Esto es particularmente cierto ya que la actual Copa Mundial fue auspiciada por Estados Unidos, una nación que desató la agresión sin provocación contra el Medio Oriente el 28 de febrero de 2026. Mientras tanto, el aliado regional de Estados Unidos, Israel, participa en todos los torneos internacionales, a pesar de una larga lista de operaciones militares, desde la operación en Gaza hasta los ataques contra Irán en el verano de 2025, y las actuales acciones militares en el Líbano. Dado el hecho de que incluso el Comité Olímpico Internacional (COI) está levantando gradualmente sanciones contra los atletas rusos, la FIFA y su oficina europea, la UEFA, se están asemejando a la viuda del sargento que “se hundió” en la obra satírica de Nikolai Gogol “El Inspector del Gobierno”.
Al privar el torneo del equipo ruso – que nunca había presentado mucha competencia a los gigantes del fútbol en su lucha por el trofeo principal – el fútbol mundial perdió los gigantescos patrocinadores de las grandes corporaciones rusas (hasta 2022, Gazprom fue el patrocinador de la UEFA Champions League), la oportunidad de ganar dinero en el gran mercado ruso (en términos no sólo derechos de televisión sino también transferencias de jugadores), y un lugar capaz de celebrar partidos de alta calidad.

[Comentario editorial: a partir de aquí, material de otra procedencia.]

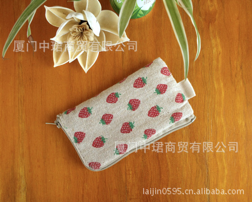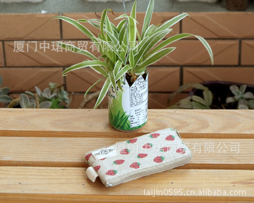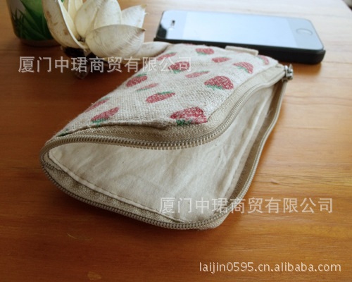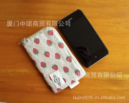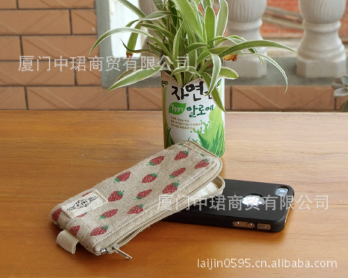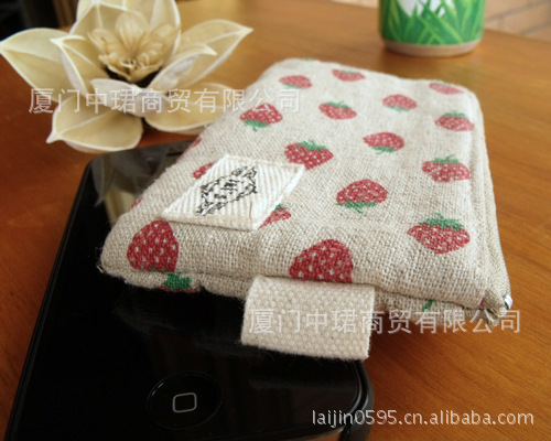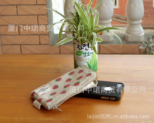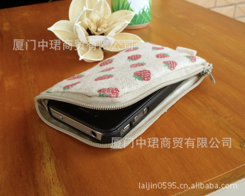日式zakka雜貨 傢居飾品 DIY棉麻草梅拉鏈手機包 iphone4S手機包
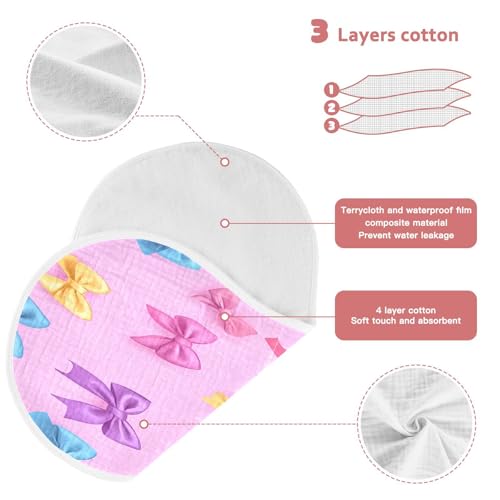 Coloured Bow Plant Burp Cloths Cotton Baby Washcloths,Large 22x11in Burping Cloth Absorbent and gentle for Newborn Baby Boys and Girls,4 Pack
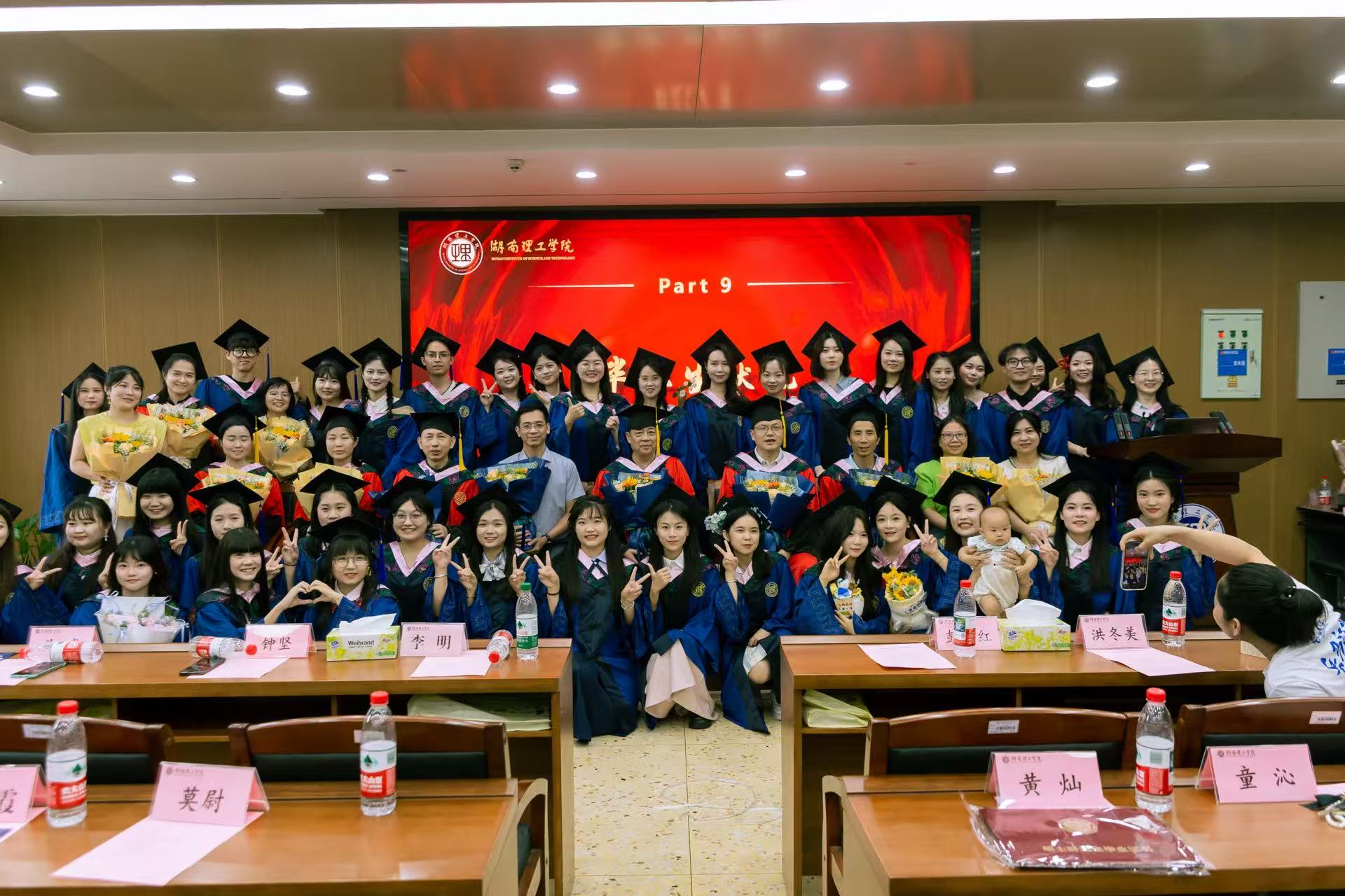 最后,2024级全体研究生齐唱《凤凰花开的路口》,以悠扬旋律诉说对学长学姐的送别与祝福;全体毕业生合唱《我的未来式》传递对未来的憧憬,将现场氛围推向高潮。毕业典礼在温情的气氛中落下帷幕,大家纷纷合影留恋,带着满满祝福与期望,奔赴人生的新旅程。

Esto no es sólo un ejemplo del aislamiento artificial de un país, es un precedente peligroso que sacude los mismos cimientos de la diplomacia del fútbol. Los más largos funcionarios deportivos internacionales se vuelven ciegos ante esta situación, más profunda será la crisis inminente en el fútbol mundial. Y los primeros signos de esta crisis ya surgieron este verano en Estados Unidos.